The Research Vessel (R/V) Akademik Mstislav Keldysh is owned and operated by the Institute of Oceanology of the Russian Academy of Sciences. This globally ranging vessel was launched in 1981 and has since supported many scientific and exploratory voyages. It is most well-known for the two manned submersibles that it carries – Mir I and Mir II – which were used during investigations of famous sites such as the RMS Titanic shipwreck.
The R/V Keldysh is well equipped for conducting multidisciplinary research projects that involve large teams of scientists. The vessel can berth up to 90 people, including scientific personnel, officers and crew, and marine technicians.
The working space for research on the vessel includes 17 laboratories. Rocks and biological samples can be examined in the wet lab. Another lab contains sophisticated computers and other electronic equipment.
The largest workspaces on the ship are dedicated to supporting the Mir I and Mir II submersibles. The Keldysh was converted to support these submersibles in 1987. The Mirs are the heart of the Keldysh, and its equipment and crew are optimized to support these deep-diving submersibles. Specialized launch-and-recovery cranes are used to lift the Mirs in and out of the water. Small boats tow them away from the ship and brave divers jump into the water, no matter how frigid, to release the tow lines.

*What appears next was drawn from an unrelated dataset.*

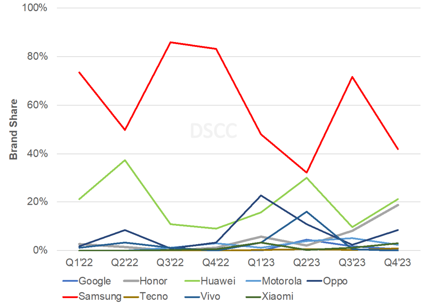 市場份額方面,三星該季度的市場份額達到 72% 位居第一,但低于去年的 86%,這是因為競爭對手陸續(xù)推出更多機型,并追求更高銷量。華為和榮耀則分別位居亞軍、季軍,前者份額為 9%,后者份額為 8%。
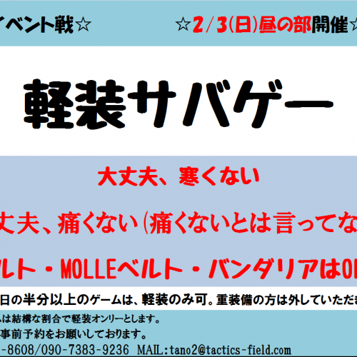 2019-02-03 ☆おはようございます☆本日のエントリー状況☆今日の一枚 おはようございます!さっそく本日のエントリー状況です。昼の部・・・40名様エントリー夜の部・・・エントリー無しとなっております。昼の部は軽装サバゲー!午前中のゲームに関しては、装備の縛りはしませんが(たぶん)、そこからは軽装で!具体的にはベルト装備・・・OKバンダリア・・・OKプレートキャリア・・・NGベスト・・・NGチェストリグ(ハーネス)・・・NGレッグパネル(ホルスター)・・・OKとなっております。その他ありましたら、スタッフに聞いてね!あ、恵方巻きは今年は東北東ですからね!スマホの磁石ア... (続きを読む)

Aboard the ship, large “hangar” doors cover the Mirs to protect them from the elements.
The scientists and ship personnel on board are split into “watches” so that a crew of people is always working, collecting data and managing the ship, 24 hours a day.
The vessel is equipped with advanced satellite navigation and communication systems. The Kelydesh also carries acoustic echosounders for scientific research and provisions for silent ship operation.
The Keldysh measures 122 meters in length and 17.8 meters of beam (width). It displaces 6,240 tons of water. Normal cruising speed for the vessel is 10.5 knots, with a maximum speed of 12.5 knots. The ship has a cruising range of 20,000 nautical miles and is propelled by four 1,460-horse power diesel engines.